Associated with every processing stage are parameters that need to be specified so that the dynamic simulation model can be configured correctly.  These parameters generally describe:

  1. Read DMA characteristics: Number of blocks, block sizes, memory addresses and memory access patterns
  2. Processing characteristics: The delay which the task will require in order to perform its processing.
  3. Write DMA characteristics: Number of blocks, block sizes, memory addresses and memory access patterns

Figure 3 shows that this information is best described in tabular format, where rows represent processing tasks and columns are parameters associated with the task.

The use case graph may also have an embedded sub-graph, which is often the case with AI applications that describe the algorithm in terms of a Neural Network computation graph.  Figure 4 shows a sub-graph within a larger use case graph.  The method of describing the sub-graph is in the same tabular format, which may be present in any part of the larger graph, not just with AI processing.

Usecase parameters captured in tabular format as shown in Figure 3 are sufficient to describe the application intent regarding dataflows between processing stages and the processing delay of a given stage.  The added benefit of having the graph drawn to the left of the table is that it becomes intuitive to understand the data flow, hence the relationship between nodes as processing stages.  Even for large graphs, the method is applicable and offers supplementary information readily available if required.

Separate to the Application Usecase is a model of the Hardware Platform, which will perform the data transfers and processing delays as prescribed by the Usecase model.  The Hardware Platform model will typically have the following capabilities:

  1. Generate and initiate protocol compliant transactions to local memory, global memory or any IO device
  2. Simulate arbitration delays in all levels of a hierarchical interconnect
  3. Simulate memory access delays in a memory controller model as per the chosen JEDEC memory standard.

Figure 4 shows a block diagram of one such Hardware Platform, which, in addition to a simulation model, forms the basis for elaborating an SoC architecture specification.

So far we have defined two simulation constructs – the Application Usecase Model and the Hardware Platform Model.  What is required is now a specification of how the Usecase maps on to the Hardware Platform subsystems.  That is, which tasks of the application usecase model are run by which subsystems in the hardware platform model.  Figure 6 shows a the full simulation model with usecase tasks mapped on to subsystems of the hardware platform.

The Full System Model in Figure 6 is the dynamic performance model used for Usecase and Hardware Platform Exploration.
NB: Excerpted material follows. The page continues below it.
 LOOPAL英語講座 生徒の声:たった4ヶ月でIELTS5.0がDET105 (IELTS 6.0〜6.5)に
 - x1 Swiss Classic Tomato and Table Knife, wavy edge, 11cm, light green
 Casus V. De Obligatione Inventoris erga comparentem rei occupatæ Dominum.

Every node in the Usecase graph is traversed during simulation, with the Subsystem master transactor generating and initiating memory transactions to one or more slave transactors. As a result, delays due to contention, pipeline stages or outstanding transactions are applied to every transaction, which cumulatively sums up the total duration that the task is active.

The temporal simulation view in Figure 7 shows the duration active for each task for a single traversal of the Application Usecase.  The duration for the entire chain is defined as the Usecase Latency.  Having one visualisation showing the Hardware Platform, Application Usecase and Temporal Simulation view often work very well for various stakeholders because it is intuitive to follow.
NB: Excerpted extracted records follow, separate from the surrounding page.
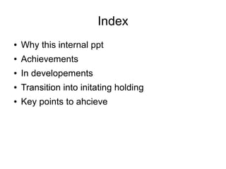 The internal presentation outlines Aspectus Ltd's achievements, ongoing developments, and plans for strategic partnerships and radio program launches. It highlights a transition into a holding structure, acquisition strategies, and financial targets, including funding rounds and IPO plans for its daughter companies. Key objectives include leveraging networks, enhancing information sharing, and achieving financial sustainability through diverse projects across various regions.
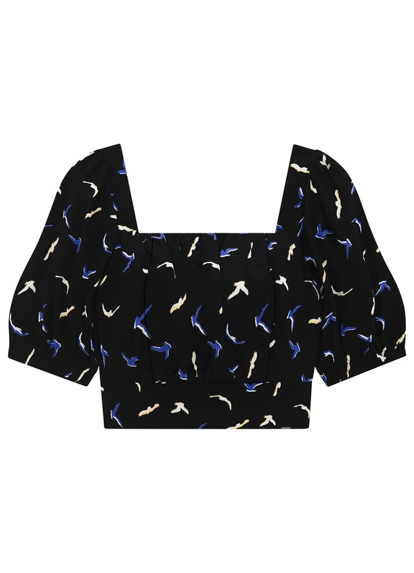 Lunender - Blusa Cropped Estampada com Manga Bufante Preto
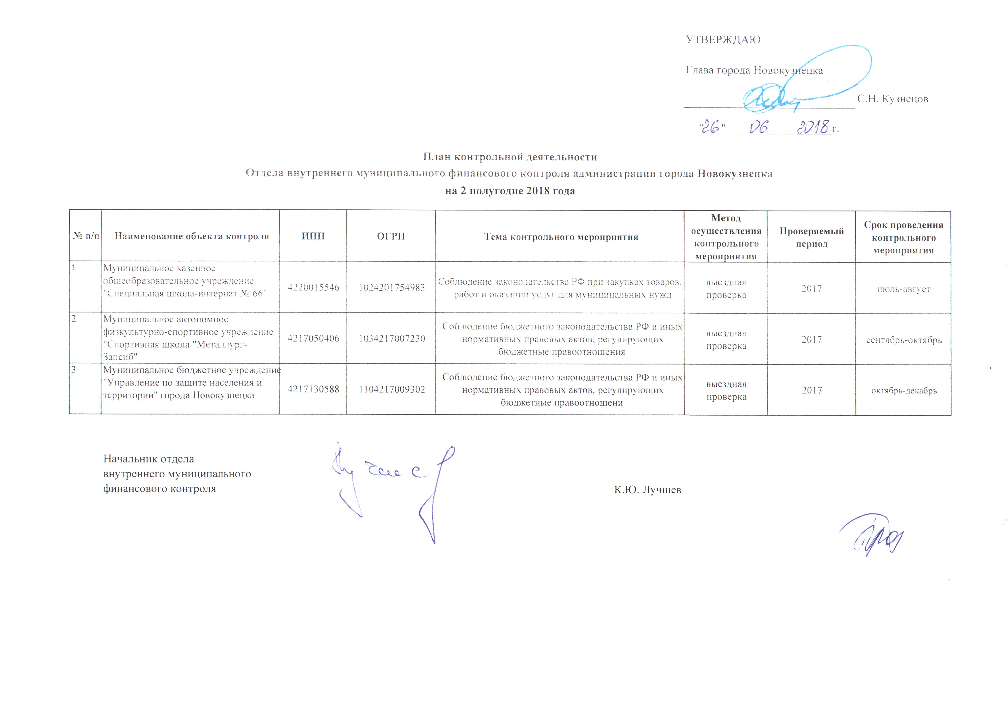 План контрольной деятельности на 2 полугодие 2018 года от 26.06.2018г.

Now a single traversal is not useful, decides providing some sanity checks about the setup of the environment.  For thorough System Performance Exploration multiple traversals need to be run, and in this setup, we see the two phases of the simulation.  A transient phase is when the pipeline is filling up, followed by the steady-state when the pipeline is full; hence the system is at maximum contention.

Figure 8 highlights a portion of the simulation when the system is at maximum contention. During the steady-state, metrics are gathered to understand the performance characteristics and bounds of the system.  This guides further tuning and exploration of the use case and hardware platform.

Figure 9 shows two configurations of the hardware platform and the resulting temporal views.  One system is setup for low latency by using direct streaming interfaces to avoid data exchange in the DDR memory.

Yet again, the benefits of showing the two systems visually bring clarity so that all stakeholders can understand with a bit of guidance.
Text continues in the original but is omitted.